Dear Comrades,
Highlights
- 1: The RBI is concerned about inflationary impact of 7th pay panel recommendations.
- 2 : The allowances are likely to push up prices, the RBI said.
- 3 : The Centre is yet to give HRA to its employees.
While nearly 1 crore Central government employees and pensioners wait for Centre's nod for allowances as recommended by the seventh pay commission, the Reserve Bank of India is worried about the consequent inflationary trend.
The RBI senses that once the allowances were given to the employees, the graph would go up on the consumer price index.

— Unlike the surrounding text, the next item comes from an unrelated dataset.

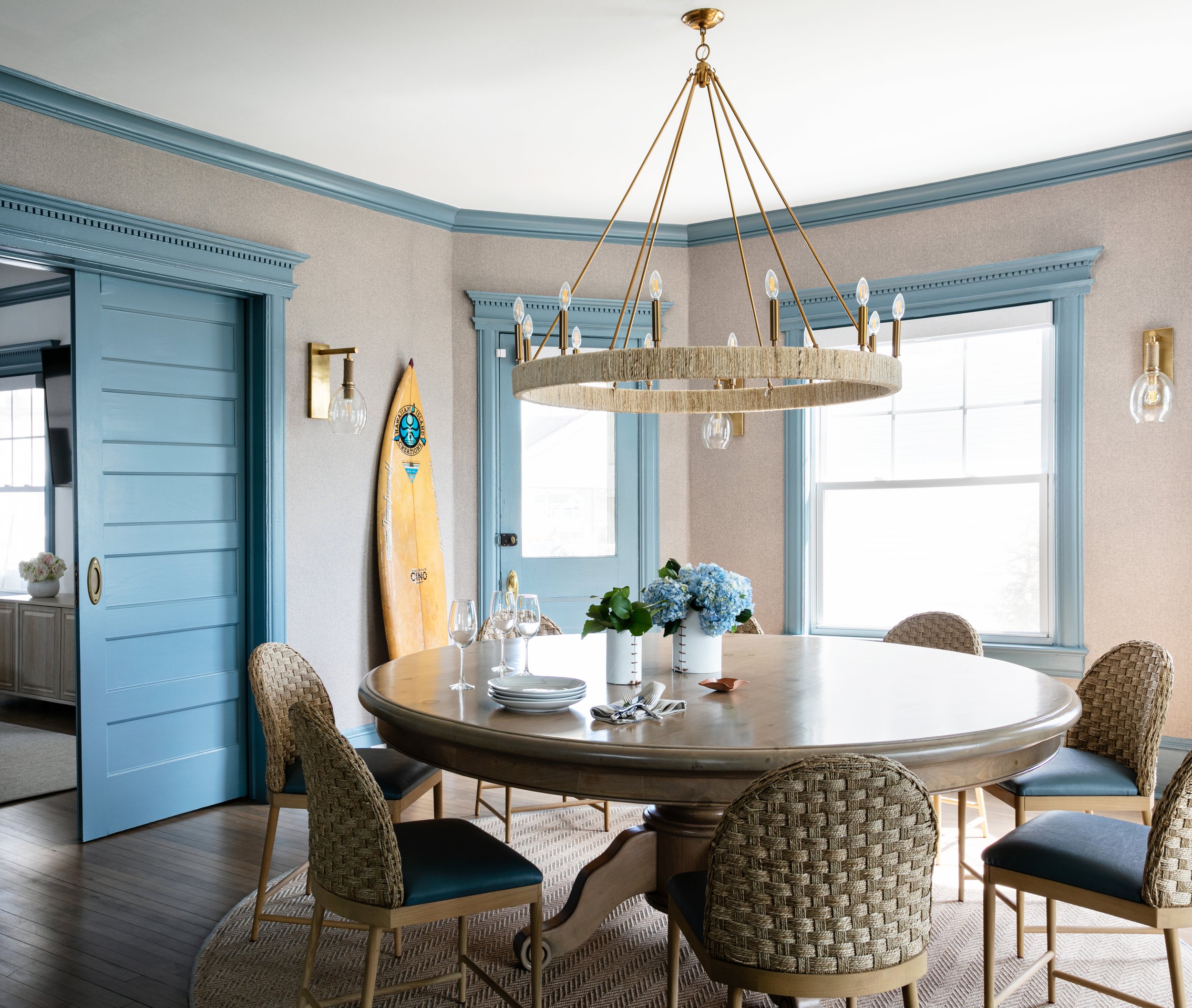 The home's color palette complements the surrounding sea and sand, while furnishings were thoughtfully selected to enhance the charming Victorian architecture—seamlessly blending their former urban life with a relaxed coastal lifestyle.

The seventh pay commission has recommended 8-24 per cent HRA to the Central and state government employees.
Presenting the first monetary policy review for 2017-18 yesterday, the RBI said that the housing sector would feel the impact almost immediately.
HOW HRA WILL IMPACT PRICES
According to the RBI, once the central government decides to give allowances to its employees, the state governments will follow the suit. The combined effect will push the inflation figures by 1-1.5 per cent than the estimates of the RBI.
The RBI also believes that inflationary impact of the HRA allowances to employees will continue to distort the markets for 18-24 months. The first three to four quarters will see the highest levels of inflation.
The Union cabinet approved implementation of the seventh pay commission's recommendation last year. But, the Centre has not yet decided to give the HRA to its employees.
WHERE HRA BUCK HAS STOPPED
The Lavasa committee, set up by the Modi government for the implementation, has missed the deadline of February 22 to submit its report.
Earlier, it was being speculated that the committee on allowances under Union Finance secretary Ashok Lavasa would submit the report by March. But, the committee has not yet given its recommendations.
However, further reports suggest that the government is likely to take a decision soon to give HRA to its employees retrospectively from April 1, 2017.